Required action »
Word for word, set down the records and skip each picture.

____

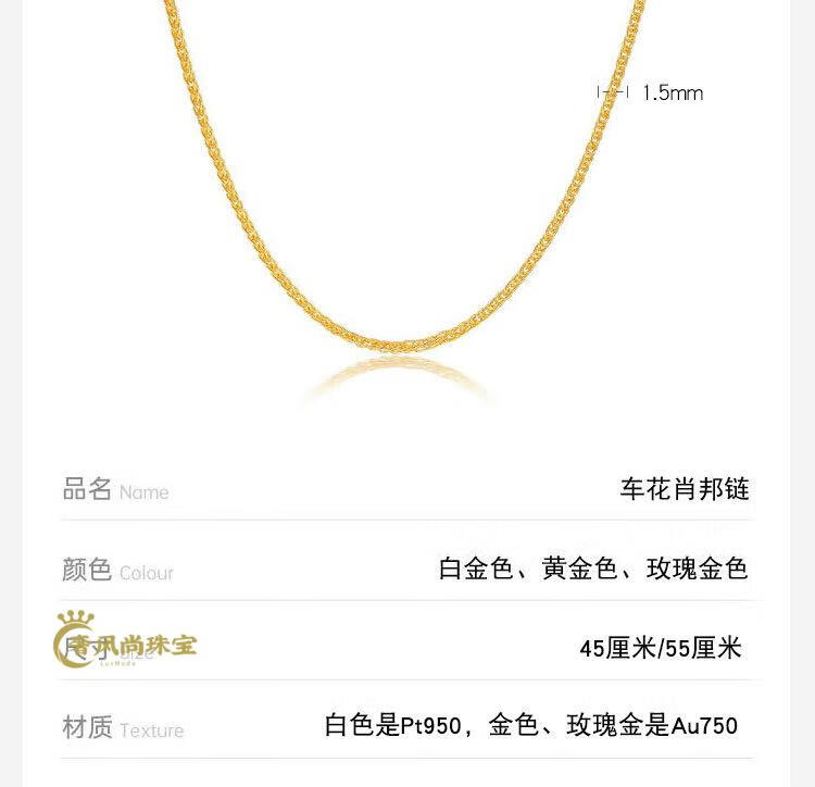 Fat Donglai same style 18k gold Chopard chain adjustable Pt950 necklace for women and men 18k gold rose gold extended snake bone Au750 gold Chopard chain 2.8g x 56cm
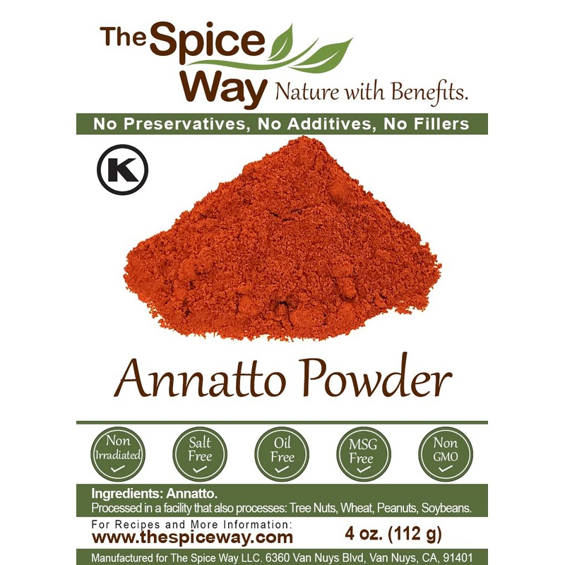 - ANNATTO (ACHIOTE) POWDER - The Annatto is used for its unique peppermint nutmeg flavor as well as its ability to give any sauce an inspiring yellow-red color.
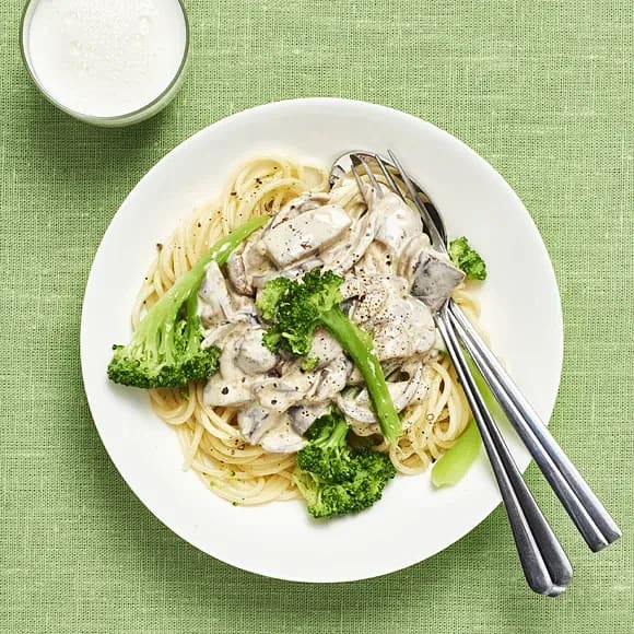 Pasta med svampsås och broccoli
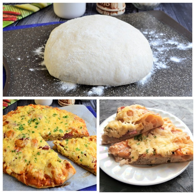 Подсыпав на стол немного муки, тесто сформировать в колобок и можно растягивать его в лепёшку и выкладывать начинку для пиццы. Печь пиццу в разогретой духовке при температуре 230-240 градусов около 15 минут. А можно, если не будете печь пиццу сразу, отправить тесто в холодильник на ферментацию часов на 7-10 (можно и дольше), потом достать его, дать немного нагреться при комнатной температуре и уже тогда готовить пиццу. У меня тесто после холодной ферментации стало более плотным.
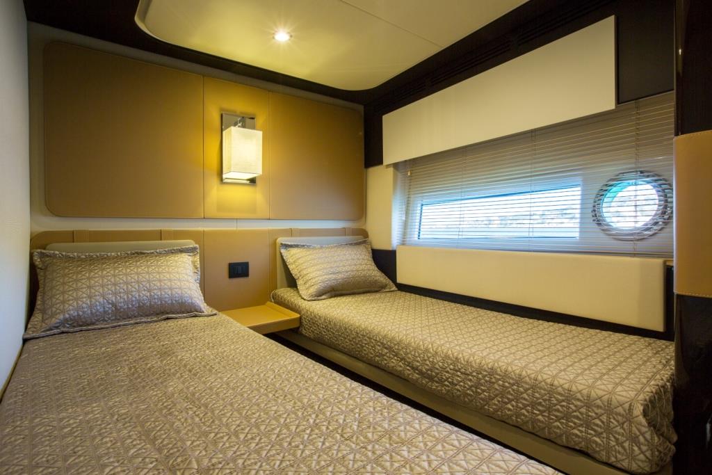 She has a sporty hull design and luxurious interior living, offering accommodation for 8 charter guests in 4 cabins.

____

Your response »
 Fat Donglai same style 18k gold Chopard chain adjustable Pt950 necklace for women and men 18k gold rose gold extended snake bone Au750 gold Chopard chain 2.8g x 56cm
 - ANNATTO (ACHIOTE) POWDER - The Annatto is used for its unique peppermint nutmeg flavor as well as its ability to give any sauce an inspiring yellow-red color.
 Pasta med svampsås och broccoli
 Подсыпав на стол немного муки, тесто сформировать в колобок и можно растягивать его в лепёшку и выкладывать начинку для пиццы. Печь пиццу в разогретой духовке при температуре 230-240 градусов около 15 минут. А можно, если не будете печь пиццу сразу, отправить тесто в холодильник на ферментацию часов на 7-10 (можно и дольше), потом достать его, дать немного нагреться при комнатной температуре и уже тогда готовить пиццу. У меня тесто после холодной ферментации стало более плотным.
 She has a sporty hull design and luxurious interior living, offering accommodation for 8 charter guests in 4 cabins.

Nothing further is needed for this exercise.